In practical terms, a shared backbone runtime would need to:
- Keep one or more backbones resident on each GPU.
- Maintain a registry of small, model specific components (heads, adapters, diffusion backbones).
- Route each request to a combination of one backbone plus one or more unique components.
- Manage batching and scheduling so that different logical models can share the same physical backbone compute.
This is more ambitious than simply loading one model per process, but the payoff is potentially large VRAM savings and more flexible multi-model serving.
9. Challenges
There are real technical challenges hiding behind the nice examples:
- Fine tunes with the same starting checkpoint still drift in their weights, so extracting a clean shared subset is nontrivial.
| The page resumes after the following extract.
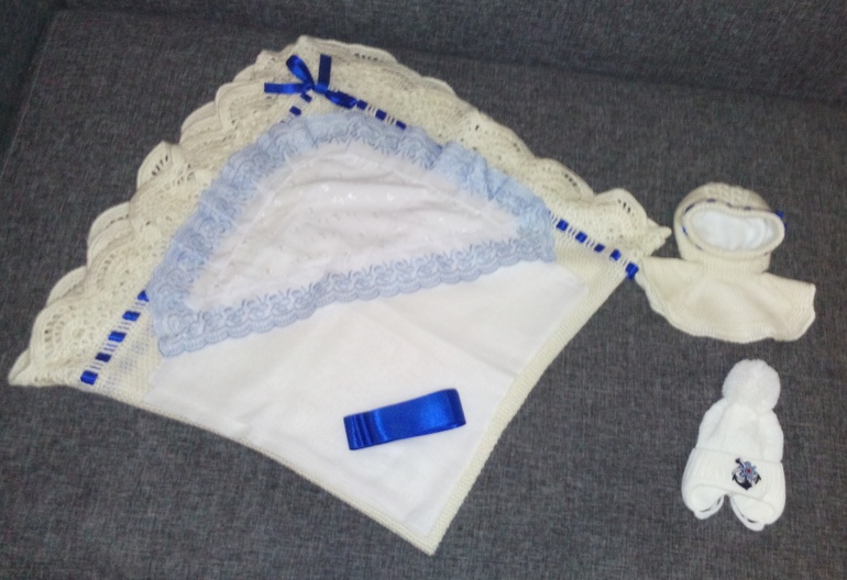 Насчёт шапки,для прогулок моя мама связала шапку-шлем,чтоб шейка не мёрзла,а на выписку неудобно наверно,лучше просто на завязках одеть!?

- Quantization formats often differ across models, so a shared backbone must handle mixed precisions or align formats.
- Some layers drift far more than others, which makes it hard to decide what belongs in the backbone versus the per model delta.
- There is no standard tensor diff format for weights, so today we mostly ship full copies instead of base plus delta.
- Inference engines usually assume one contiguous blob per model, not a composable backbone plus components.
So while the motivation is straightforward, getting to a robust implementation requires research on weight factoring, new storage formats, and changes in serving infrastructure.
10. Worth Exploring
Despite the friction, I think this idea is worth exploring:
- Adapter-only fine tunes and LoRA stacks already demonstrate that you can do a lot of work with a frozen core and small deltas.
- Multimodal and diffusion systems increasingly reuse the same encoders across many endpoints.
- Mixture of Experts models share huge parts of their networks at runtime, showing that shared compute is viable at scale.
If we accept that many model families have:
- High overlap in parameters, and
- Real, distinct value across their variants,
then it feels wasteful to keep paying VRAM and load time for fully separate checkpoints.
I do not know yet exactly how far this idea can go, but the examples above make it clear that there is a lot of redundant weight sitting in memory today. Finding a good way to load the shared parts once and treat the unique bits as small add-ons feels like a direction worth pushing on.
I plan to explore this idea further and share any interesting results in a follow-up post.